BEGIN INPUT DATA

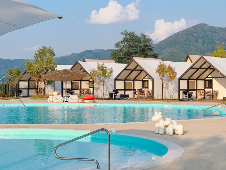 서울 근교 럭셔리 글램핑장 추천 초대형 수영장 노천탕 온수풀 동두천 캠핑장 아낌없이주는나무
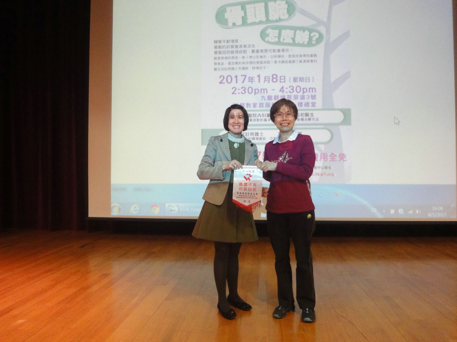 Hong Kong Arthritis & Rheumatism Foundation (HKARF) and Community Rehabilitation Network of the Hong Kong Society for Rehabilitation (CRN) jointly organized a talk “Tackling osteoporosis” on 8 January, at the Auditorium of Christian Family Service Centre. There were a total of 106 participants on that day.
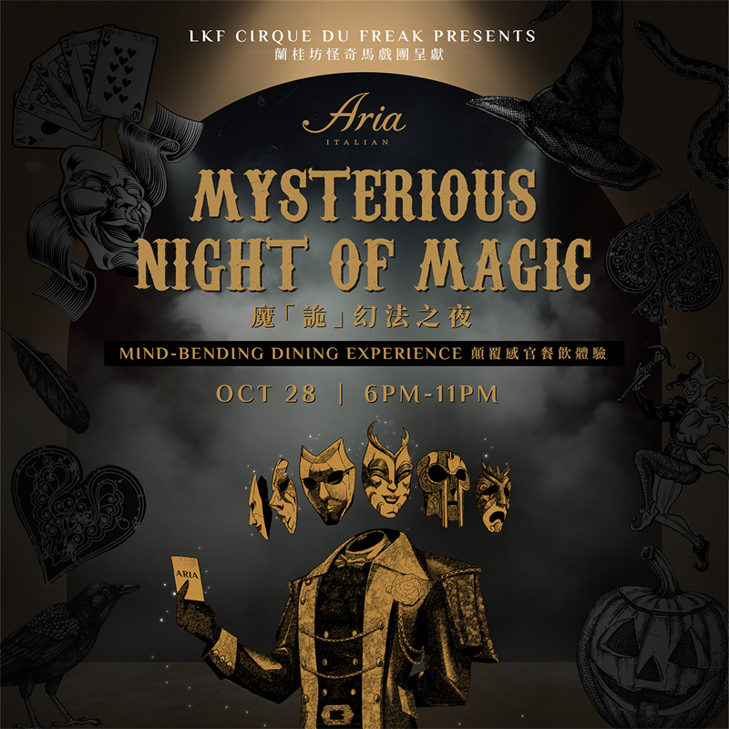 ●ARIA魔“诡”幻法之夜:从晚上6时开始,客人可无限畅饮意大利气泡酒及红白葡萄酒,并于晚上7:30开始品尝美味大餐。魔术师Zenneth将登台展开令人眼花缭乱的表演,以精湛的特技近景魔术,为你带来一个颠覆感官的万圣节之夜。

END INPUT DATA

◆ PROBLEM DETAILS:
Only text belongs in the copy: repeat each line of the data exactly and leave out the pictures.

◆ ANSWER TO THIS TASK:
 서울 근교 럭셔리 글램핑장 추천 초대형 수영장 노천탕 온수풀 동두천 캠핑장 아낌없이주는나무
 Hong Kong Arthritis & Rheumatism Foundation (HKARF) and Community Rehabilitation Network of the Hong Kong Society for Rehabilitation (CRN) jointly organized a talk “Tackling osteoporosis” on 8 January, at the Auditorium of Christian Family Service Centre. There were a total of 106 participants on that day.
 ●ARIA魔“诡”幻法之夜:从晚上6时开始,客人可无限畅饮意大利气泡酒及红白葡萄酒,并于晚上7:30开始品尝美味大餐。魔术师Zenneth将登台展开令人眼花缭乱的表演,以精湛的特技近景魔术,为你带来一个颠覆感官的万圣节之夜。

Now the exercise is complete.